[Your goal]: Please print exactly the lines from the line containing "STAR☆JACKS/Che" through the end of the data, no more, and keep pictures out of the copy.

[Exercise data]:
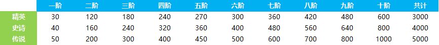 Q2:不同品质英雄进阶所需英雄粉尘的数量?
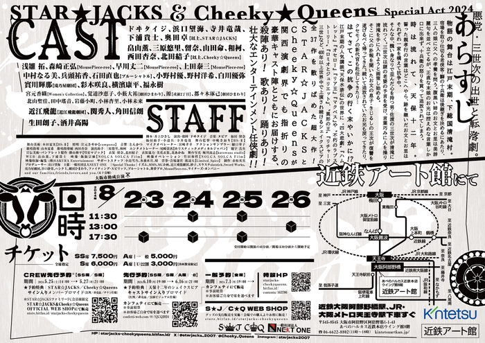 STAR☆JACKS/Cheeky☆Queensメンバーのほか、格闘家・俳優・歌手などマルチに活躍する角田信朗、京都発ノンバーバルシアター『GEAR-ギア-』でドールを務める兵頭祐香、元たこやきレインボー・彩木咲良、ブルーシャトルプロデュース・石田直也、大衆演劇界の"異端児"・近江飛龍など、関西演劇界でも指折りの豪華キャスト陣が集いました。
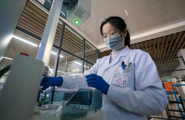 3月28日,南開大學(xué)—滄州渤海新區(qū)綠色化工研究院分析檢測中心工作人員在進(jìn)行樣品檢測前準(zhǔn)備工作。新華社記者 駱學(xué)峰 攝

[Exercise response]:
 STAR☆JACKS/Cheeky☆Queensメンバーのほか、格闘家・俳優・歌手などマルチに活躍する角田信朗、京都発ノンバーバルシアター『GEAR-ギア-』でドールを務める兵頭祐香、元たこやきレインボー・彩木咲良、ブルーシャトルプロデュース・石田直也、大衆演劇界の"異端児"・近江飛龍など、関西演劇界でも指折りの豪華キャスト陣が集いました。
 3月28日,南開大學(xué)—滄州渤海新區(qū)綠色化工研究院分析檢測中心工作人員在進(jìn)行樣品檢測前準(zhǔn)備工作。新華社記者 駱學(xué)峰 攝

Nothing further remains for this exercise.